Bukan! Melainkan mengharapkan sebuah tatanan pemerintahan yang
demokratis, jujur dan adil. Tepatnya lebih kepada tata cara penyelenggaraan
negara. Bukan, seperti yang banyak terjadi di Indonesia, memaksakan idealisme
kita tanpa peduli kelompok, komunitas atau golongan lain yang berbeda
pandangan seolah-olah bahwa idealismenyalah yang paling tepat untuk
direalisasikan. Zapatista telah menunjukan bahwa ia membela kaum adat tanpa
berusaha merecoki kebudayaan masyarakat itu.
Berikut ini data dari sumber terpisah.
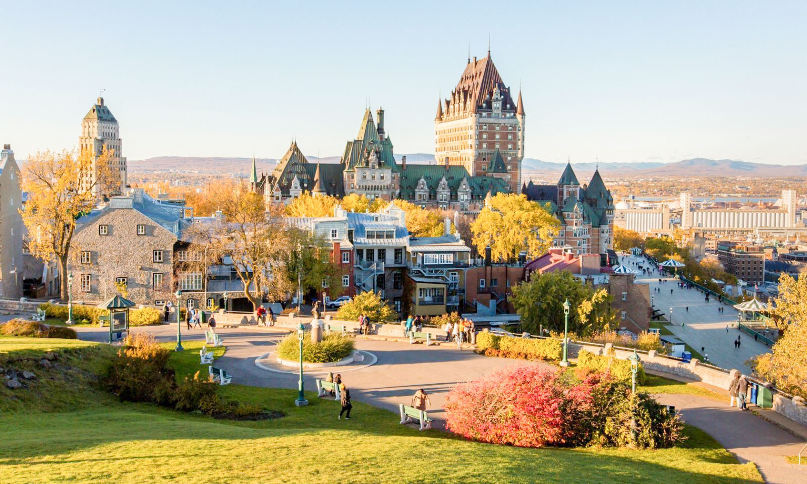 Thành phố Quebec là sự kết hợp hoàn hảo giữa kiến trúc châu Âu cổ kính và sắc lá thu rực rỡ. Những con đường lát đá cuội, tường thành cổ và cây phong đỏ vàng khiến nơi đây như một bức tranh lãng mạn.
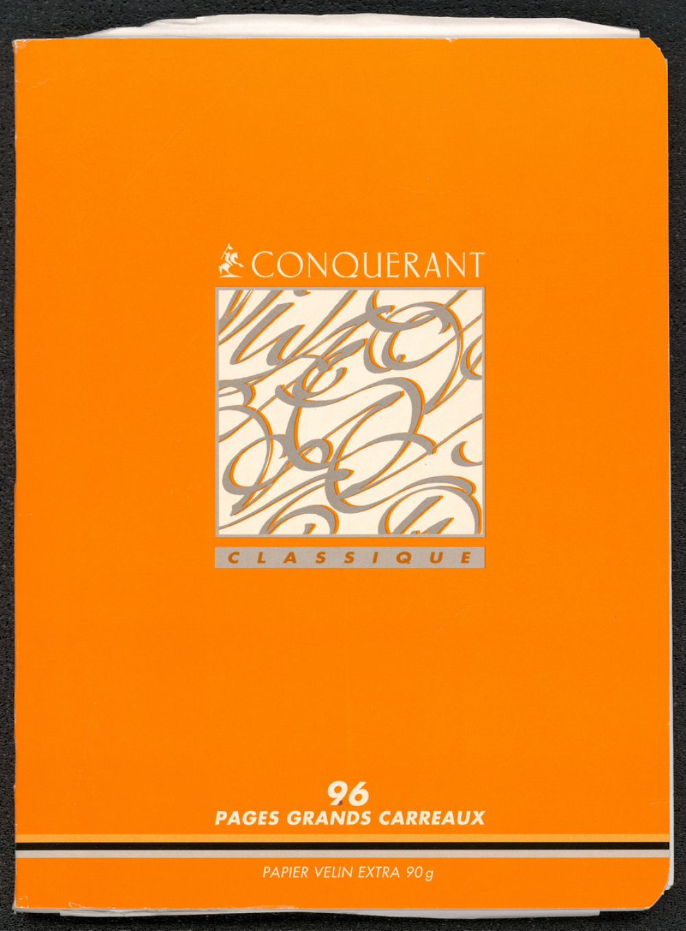 Description : Cahier en papier vélin, à la couverture en papier cartonné et plastifiée et à la reliure piquée agrafée. Réglure Séyès.
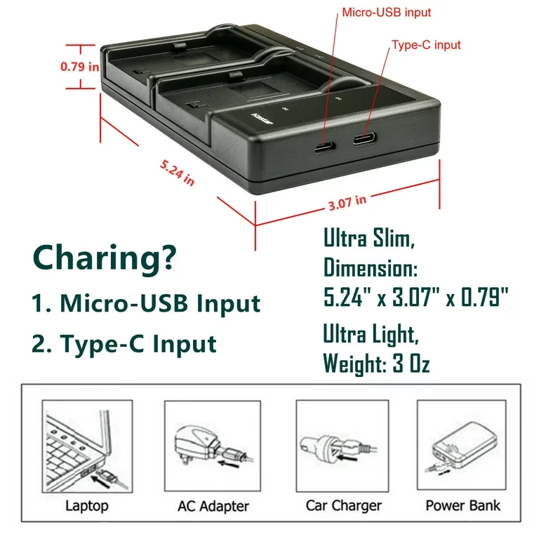 This charger supports charging two Canon camera batteries simultaneously, enhancing workflow efficiency for professionals and enthusiasts. Compatible with multiple Canon battery and charger models, it also supports USB Type-C and Micro-USB input, providing versatile charging options.
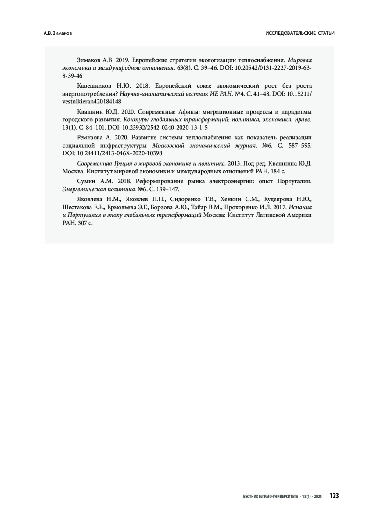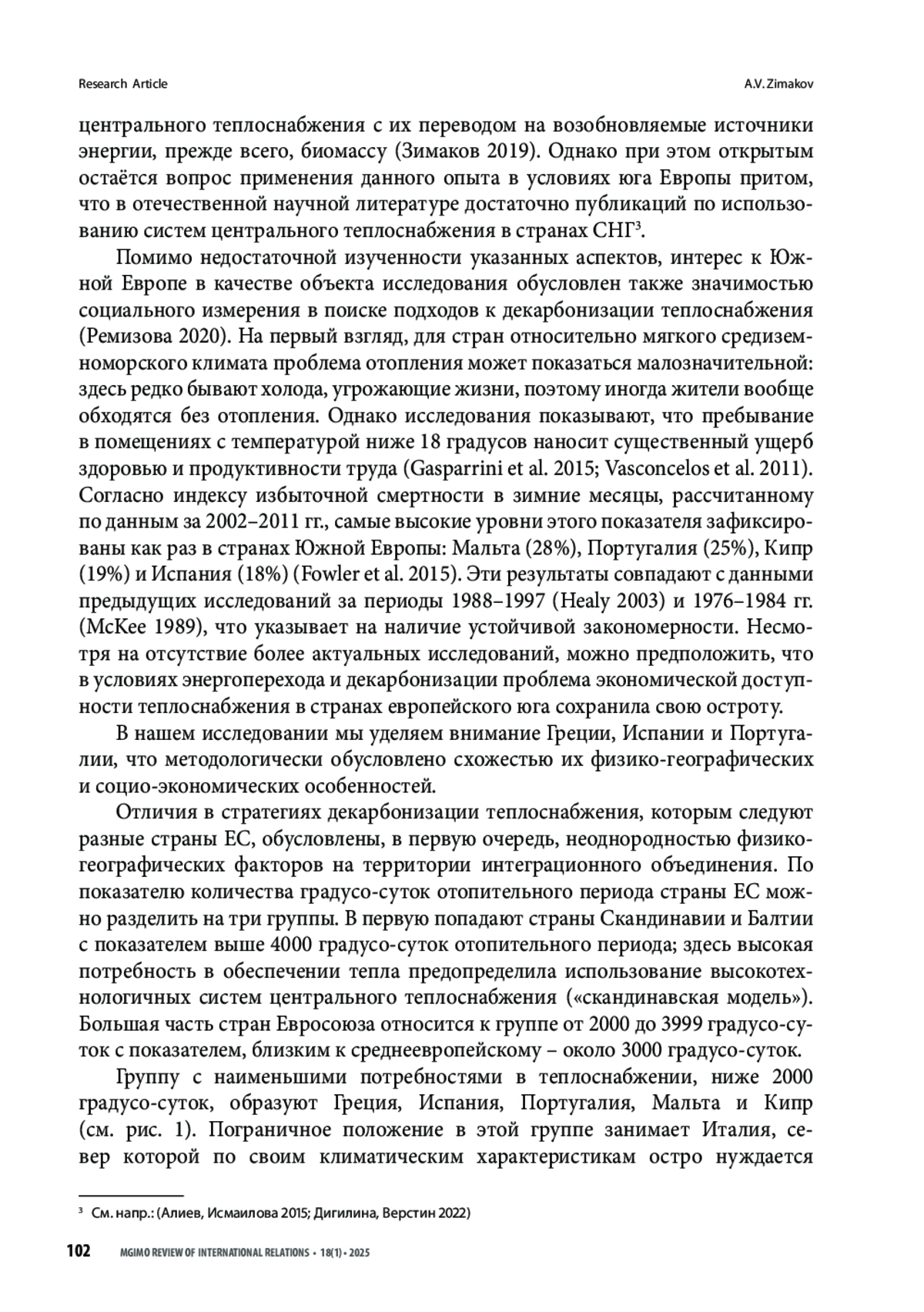 ЗИМАКОВ А. В. ДЕКАРБОНИЗАЦИЯ ТЕПЛОСНАБЖЕНИЯ В ЮЖНОЙ ЕВРОПЕ: СТРАТЕГИЯ, ВЫЗОВЫ И СОЦИАЛЬНЫЕ ПОСЛЕДСТВИЯ // ВЕСТНИК МГИМО-УНИВЕРСИТЕТА. 2025. ТОМ 18, № 1
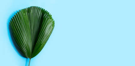 top view of exotic palm leaf on blue background with copy space, flat lay
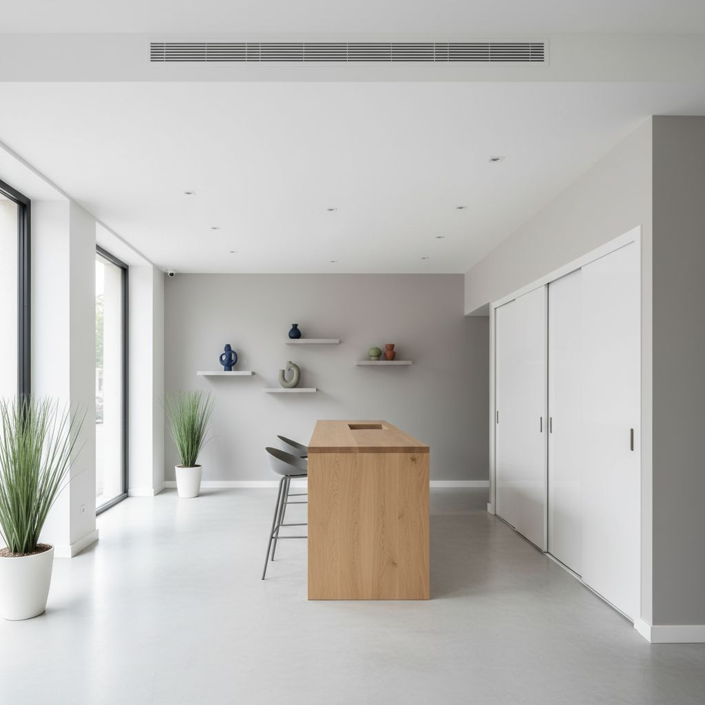 C’est la solution préférée des commerces haut de gamme ou des restaurants souhaitant une discrétion totale. L’unité est cachée dans un faux-plafond et l’air est diffusé par des grilles presque invisibles.
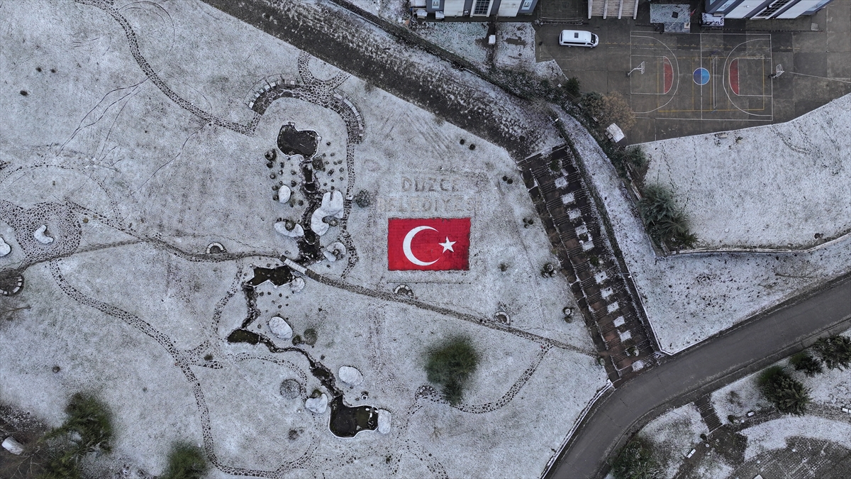 Düzce`de etkili olan kar yağışının ardından kent merkezi beyaza büründü.
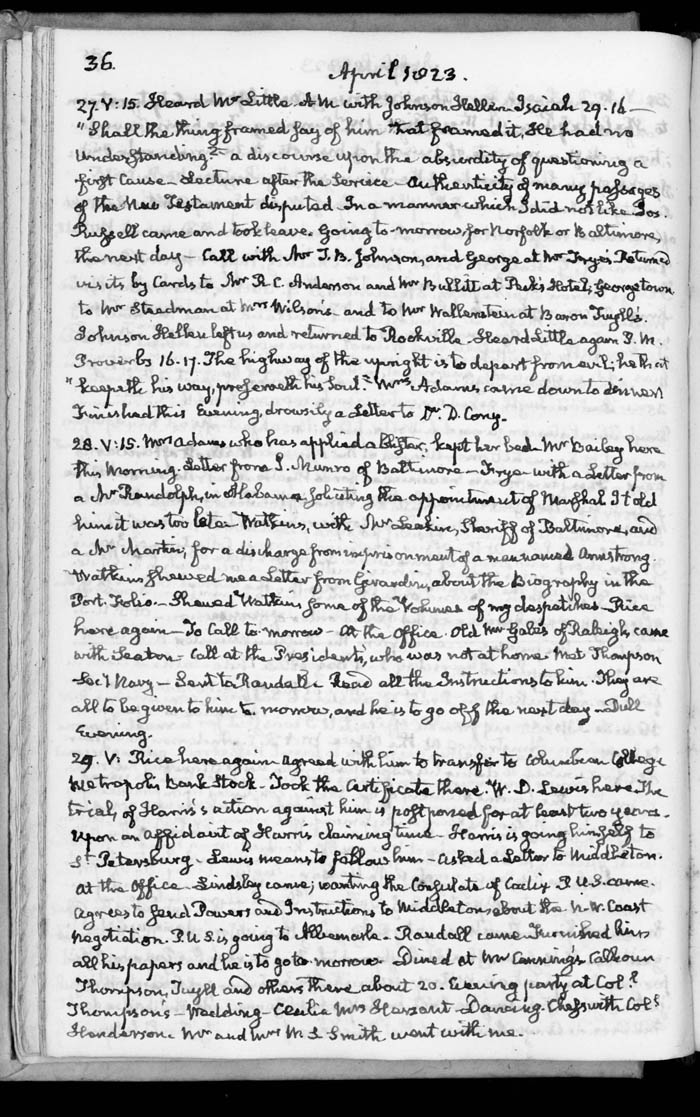 John Quincy Adams diary 35, 25 January 1823 - 31 October 1826, 5 November 1828, and 15 August 1844, page 36
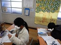 校外学習で集めた松ぼっくりやどんぐりなどを活用し、クリスマスツリーや自分で作りたいものをつくります。今日は校内でもう少し材料集めを行っていました。
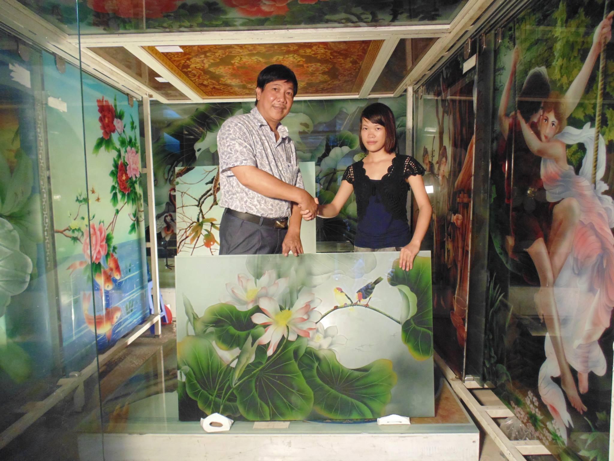 +tranh kính điêu khắc với đủ công nghệ đã đăng ký với nhà nước, thủ công nhưng phần đồ họa phải qua hệ thống máy tính để lưu dữ liệu và tăng nét cho tác phẩm
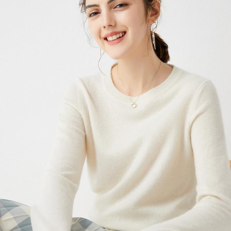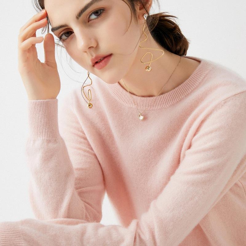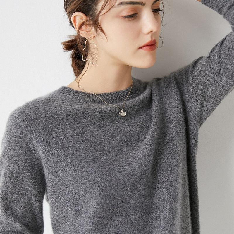 สเวตเตอร์แคชเมียร์ถักแคชเมียร์สีพื้นสไตล์ลำลอง

Bahkan memberikan
kesempatan pada kebudayaan tersebut untuk menentukan nasib mereka sendiri.
sama halnya di Indonesia, yang terbilang negara multikultural, dalam
perlawanan kita kesampingkan perbedaan-perbadaan primordial yang melekat
dalam diri kita. Namun tatkala dihadapkan pada wacana perubahan, kita tidak
boleh memaksakan kehendak dan pemikiran kita sendiri tanpa mengetengahkan
pandangan dan gagasan-gagasan yang lainnya.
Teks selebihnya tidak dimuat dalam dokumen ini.